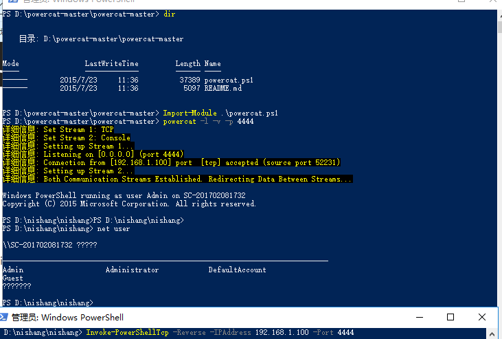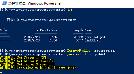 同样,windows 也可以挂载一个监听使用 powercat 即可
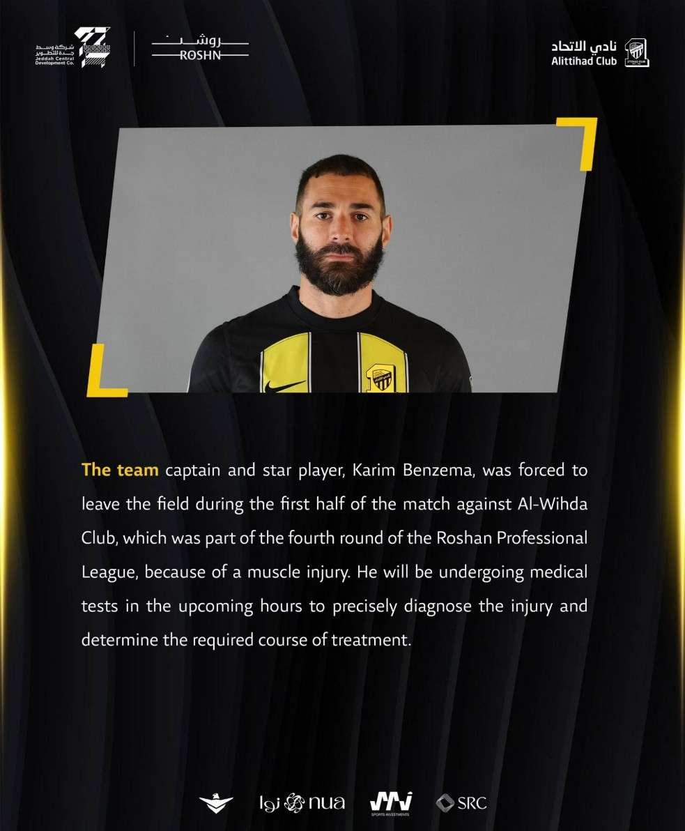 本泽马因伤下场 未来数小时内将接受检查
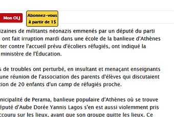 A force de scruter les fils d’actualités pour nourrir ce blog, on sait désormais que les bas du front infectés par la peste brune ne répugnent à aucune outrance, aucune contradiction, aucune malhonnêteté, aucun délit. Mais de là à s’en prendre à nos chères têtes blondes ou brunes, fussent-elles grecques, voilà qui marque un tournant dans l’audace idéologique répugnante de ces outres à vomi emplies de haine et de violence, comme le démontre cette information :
----------
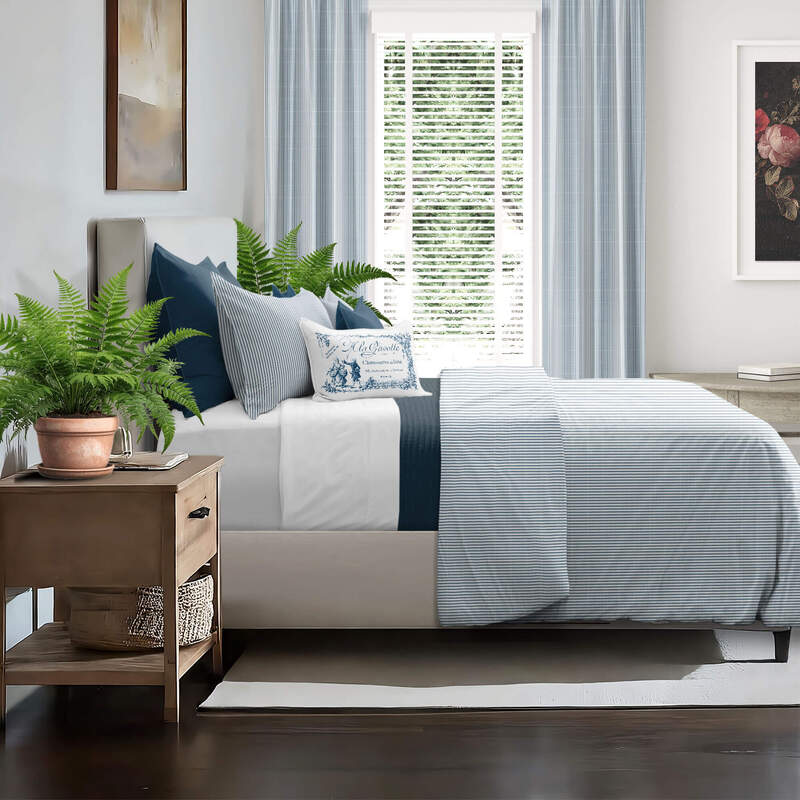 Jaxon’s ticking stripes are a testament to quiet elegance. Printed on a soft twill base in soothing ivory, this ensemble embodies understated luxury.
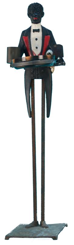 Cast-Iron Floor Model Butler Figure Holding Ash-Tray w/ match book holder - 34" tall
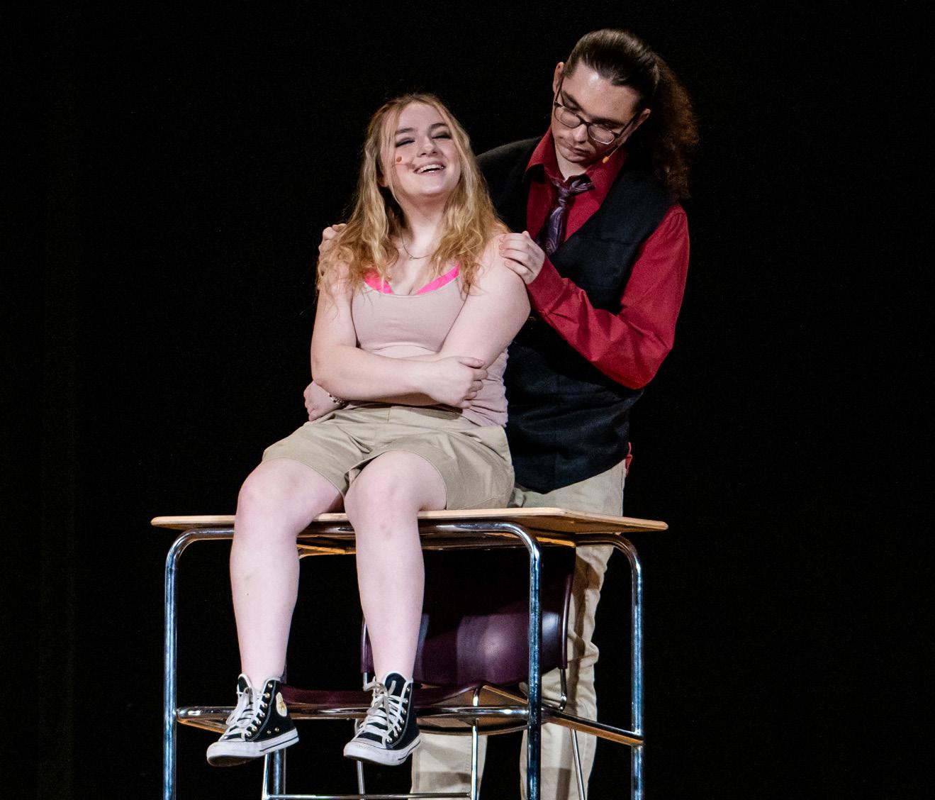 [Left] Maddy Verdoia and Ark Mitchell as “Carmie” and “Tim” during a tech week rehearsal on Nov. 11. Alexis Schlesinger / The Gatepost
----------
## What the exercise asks
Output exactly those lines of the data above that run from the line with "同样,windows 也可以挂载一个监听使用 powercat 即可" up to and including the line with "A force de scruter". No pictures go in.

## Completed exercise
 同样,windows 也可以挂载一个监听使用 powercat 即可
 本泽马因伤下场 未来数小时内将接受检查
 A force de scruter les fils d’actualités pour nourrir ce blog, on sait désormais que les bas du front infectés par la peste brune ne répugnent à aucune outrance, aucune contradiction, aucune malhonnêteté, aucun délit. Mais de là à s’en prendre à nos chères têtes blondes ou brunes, fussent-elles grecques, voilà qui marque un tournant dans l’audace idéologique répugnante de ces outres à vomi emplies de haine et de violence, comme le démontre cette information :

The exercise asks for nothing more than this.